At a VPW show on 17 February, after defeating Irish star Eamon O'Neill, Powers cut a promo about how British wrestlers are better than Americans until he was interrupted by Kip James, making his first UK appearance, telling Powers to shut the hell up; the pair got into a small shoving match which saw James come out on top. Later that night James faced a rising star in Chris Andrews; during the match Powers tried to interfere with the match up, only to be disposed off by both men, though this distraction cost Andrews his match against James.

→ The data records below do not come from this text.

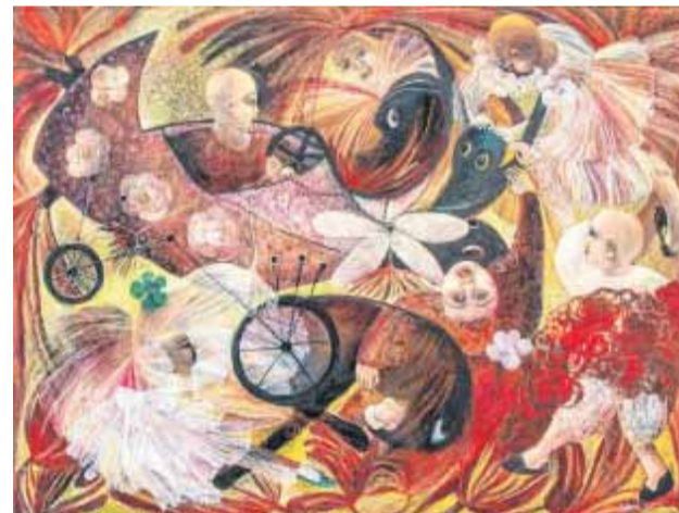
"CUBAN GÜJES and Children", 2014, acrílico sobre lienzo, 46 x 60 pulgadas.

La muestra incluye también Boticelli's Garden (2017), Offering to Goddess Flora (2020) y Light versus Darkness (2020-2021), exquisitas piezas en las que temas recurrentes de la historia del arte se convierten en clave para la liberación personal de la artista y de cada uno de los espectadores que se aventuren a
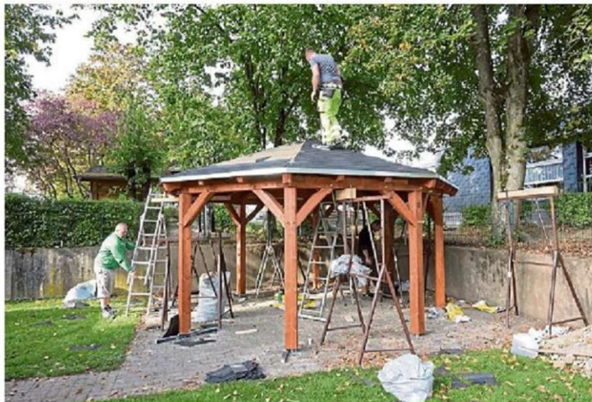
Letzter Schliff: Das Oktogon an der Kirche soll neuer Treffpunkt für Jugendliche in Bechen werden.

Kürten). Der Verein engagiert sich seit 20 Jahren in der offenen Kinder- und Jugendarbeit, ist Träger mehrerer Treffs in der Gemeinde und will auch am Pavillon, dem offenen Treff am sogenannten Oktogon, eine dezente pädagogische Begleitung übernehmen.
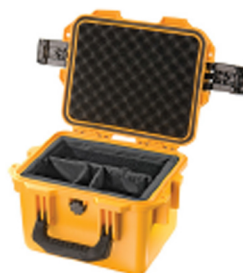
iM2075-X0002 With Padded Dividers
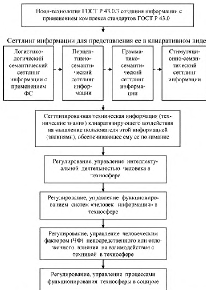
Рисунок А.1 — Схема применения ноон-технологии в регулировании, управлении процессами функционирования техносферы
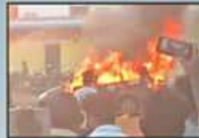
గన్నవరం పార్టీ ఆఫీస్ కి నిప్పు
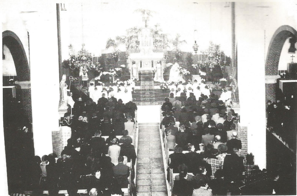
Opening van de verbouwde kerk op 10 november 1939.
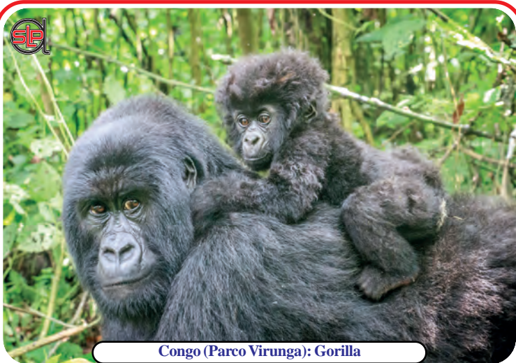
Congo (Parco Virunga): Gorilla
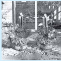
手作りの門松で正月を迎えませんか

生田緑地の管理で発生した竹や松を使って、自分だけの「ふくふくミニ門松」を作ります。事前申込制です。※雨天時は屋内で行います 日時 12月20日(土)10時～12時、13時～15時 場所 生田緑地中央広場 費用 2,000円 囲田12月15日までに電話で生田緑地東口ビジターセンター☎933-2300 囲生田緑地整備事務所☎934-8577、FAX934-8578
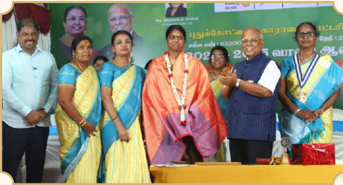
Rotary Club of Pudukottai Maharani
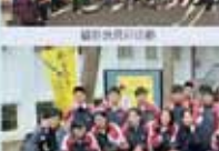
學務處第一屆全體會議合影
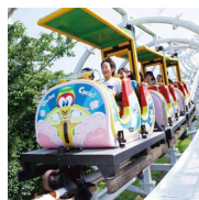
サイクルコースター
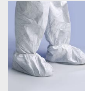
Blanc : TYV POS0S WH 00

Taille / Référence de commande : Taille unique (C11054667)
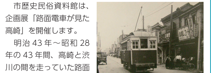
昭和20年代後半の市街地

市歴史民俗資料館は、企画展「路面電車が見た高崎」を開催します。明治43年～昭和28年の43年間、高崎と渋川の間を走っていた路面電車。市民の足として活躍していた路面電車は、当時の高崎の風景に欠かせない存在でした。
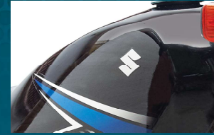
منفرد ڈیزائن کا خوبصورت فیول ٹینک

پاور، اسٹائل، رفتار اور پائیداری میں لاجواب پاکستان کی مقبول ترین 4 اسٹروک موٹر سائیکل سوزوکی 150cc میں دستیاب ہے۔ اپنے پاورفل انجن، کشاہد آرام دہ سیٹ اور خوبصورت ڈیزائن کے ساتھ یہ ایسا تخلیقی شاہکار ہے کہ جو اپنے اسی کا ہو جائے۔
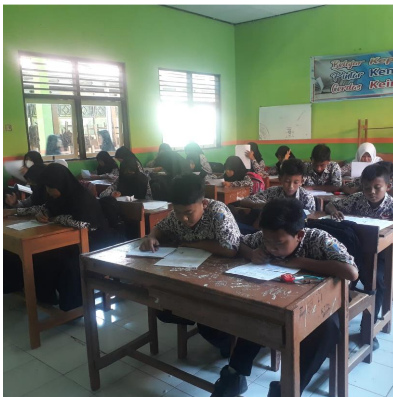
Siswa SMP Negeri 4 Adiwerna mengerjakan soal Penilaian Literasi Membaca dalam Pembelajaran Bahasa Jawa
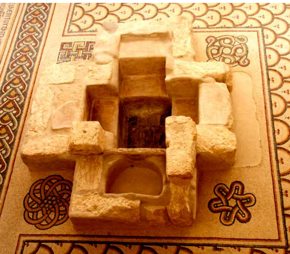
Dopgraven med mosaikgolv.
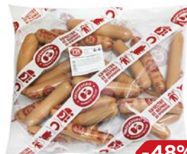
Сосиски ЧЕРКИЗОВО , сливочные (ЧМПЗ), 650 г
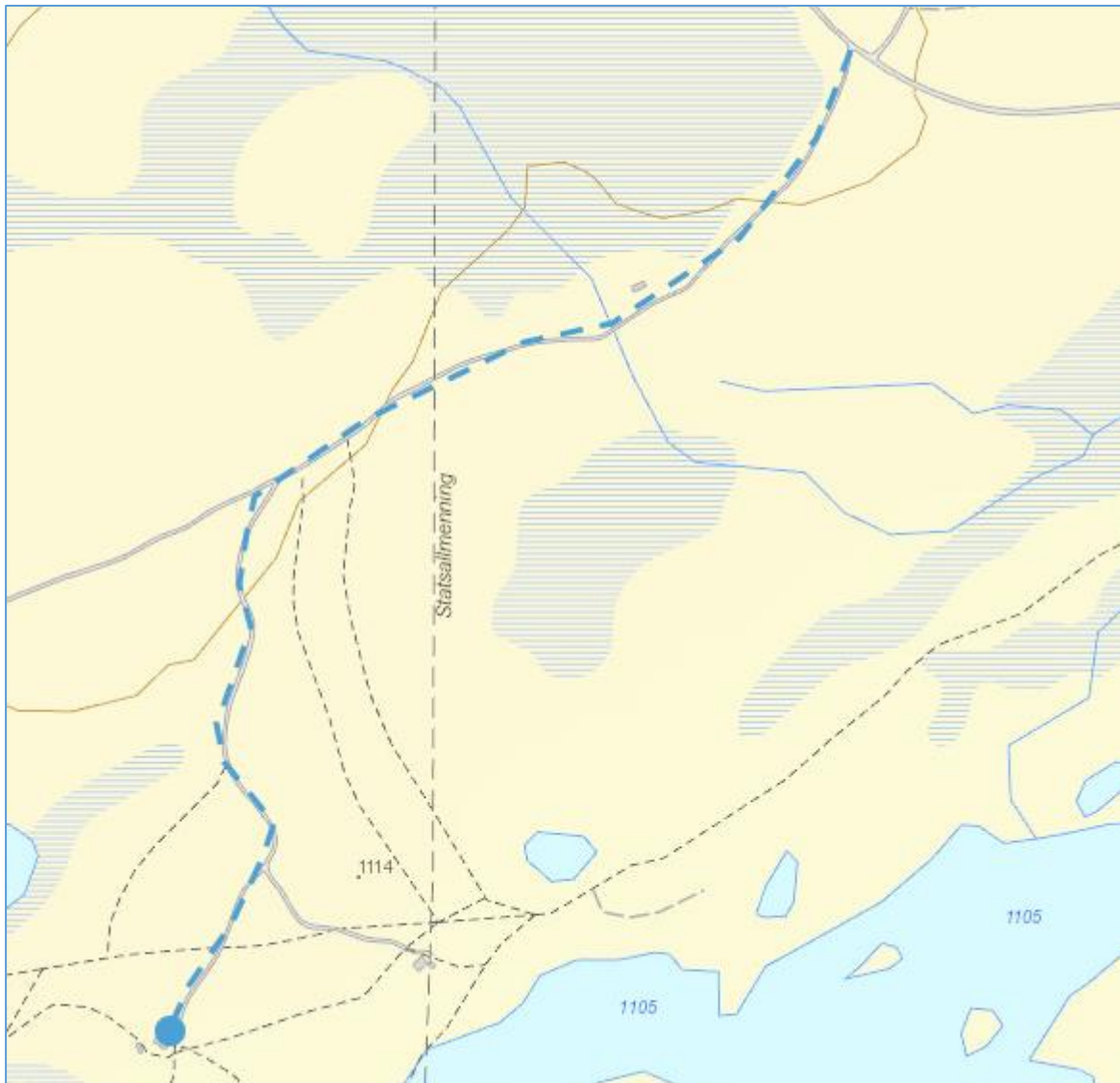
Figur 1. Trase for kjørespor for omsøkte transport og hytta til Kari Hegerholm (blått punkt)
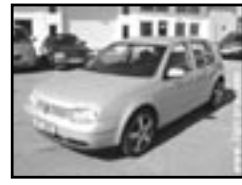
VW Golf 1.9 TDI r.v. 2000, cena 242.000 Kč klima, 4x airbag, ESP, ABS, CD, imobilizér, el. okna, posil., poč., alu kola, centrální dálk., tón. skla
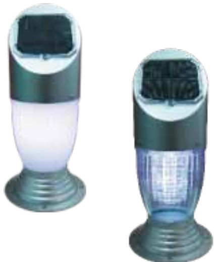
SPH-C00303 / SPH-C00403
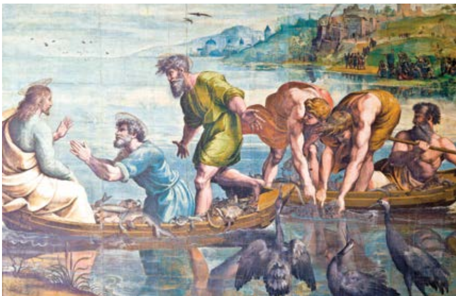
Rafael Santi: Zázračný rybolov (cca 1515-1516)

Prvek prestiže v práci často podceňujeme, ale stačí se zeptat muže, kterému se „zhroutil“ kariéra, na to, jak to změnilo jeho společenské postavení. Je zcela přirozené, že všichni muži touží po respektu svých vrstevníků, a lukrativní
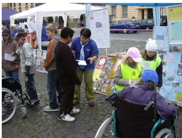
Obrázek 14 Evropský týden mobility, Litoměřice, 2008
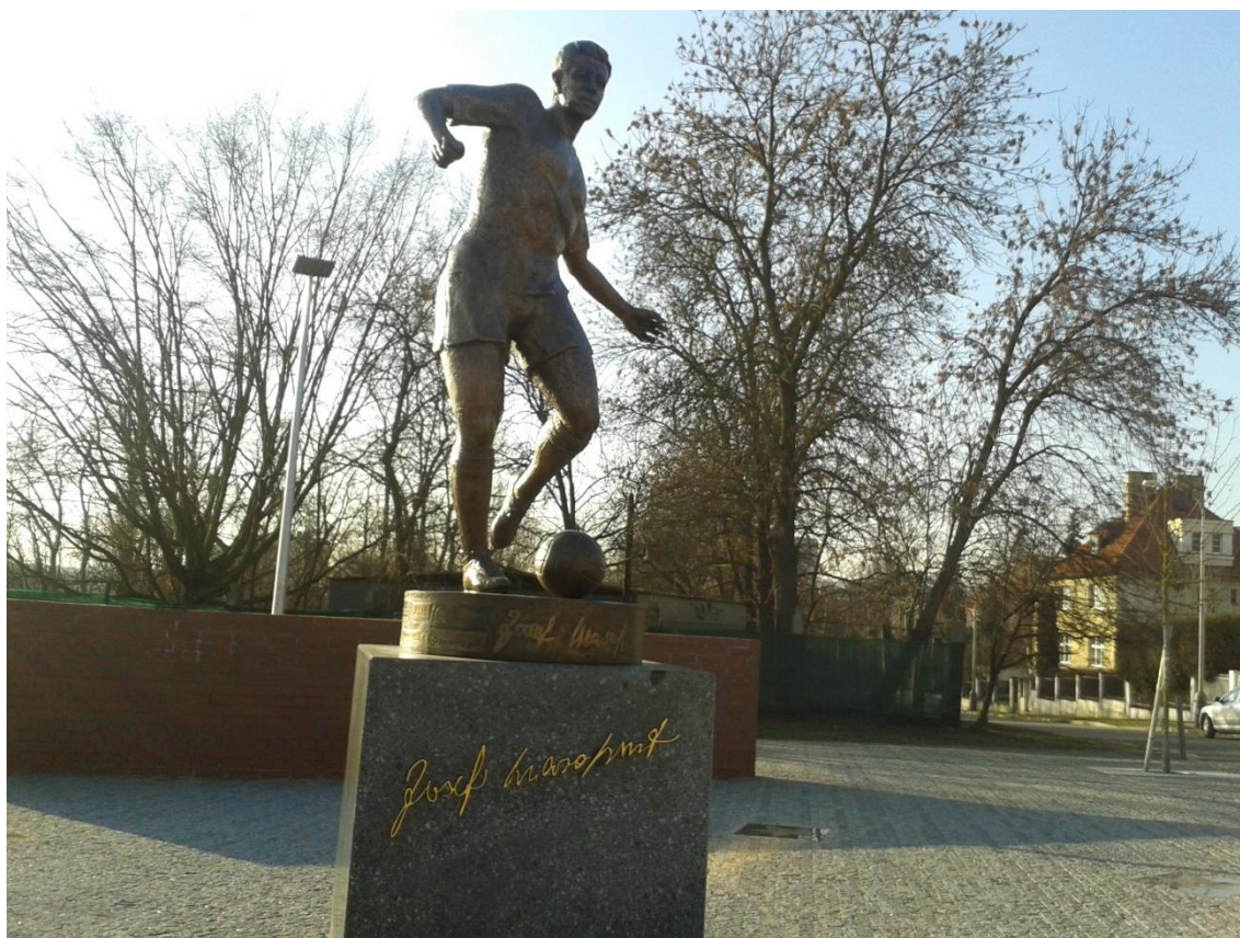
Obrázek 1: Socha Josefa Masopusta v parku Juliska

Nejpopulárnějšímu světovému fenoménu - fotbalu zasvětil celý život. V určité době ho díky svým kvalitám pomohl posouvat na lepší úroveň a popularizovat ho i v odlehlých koutech světa. Josef Masopust se stal rytířem světového sportu.
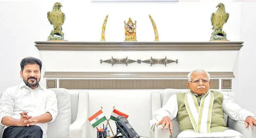
న్యూఢిల్లీ: తాజాగా జరిగిన ఐదు రాష్ట్రాల ఎన్నికల్లో భాగంగా కేరళలో ప్రధాని మోదీ, కేంద్ర హోంమంత్రి అమిత్ షాను ఓడించామని సీఎం రేవంత్ రెడ్డి వ్యాఖ్యానించారు. బుధవారం మధ్యాహ్నం ఢిల్లీకి వచ్చిన ఆయన విమానాశ్రయంలో విలేజరులు అడిగిన ఒక ప్రశ్నకు స్పందించారు. 'కేరళలో కాంగ్రెస్ విజయం సాధించింది. అక్కడ రాహుల్, ప్రయోంకా గాంధీ, మల్లికార్జున ఖర్గేలు సరేంద్ర మోదీ, విగతా..26

On the next show in Exeter, Devon one day later, Powers (with his valet Erin Angel) faced Chris Andrews in a singles match. During this match, Erin Angel tried to get involved using her own handbag to hit Andrews, but missed and hit her man Powers instead, Andrews then took the handbag only to get disqualified when the referee saw him hit Powers with it.

Powers not only wrestled, he was also a trainer running his own school with Erin Angel in Southampton. In March 2005 Power began promoting shows under the name Real Quality Wrestling. After a few months he hired Len Davies to handle production and video editing; Powers eventually left the company leaving Davies to promote shows under the RQW banner himself.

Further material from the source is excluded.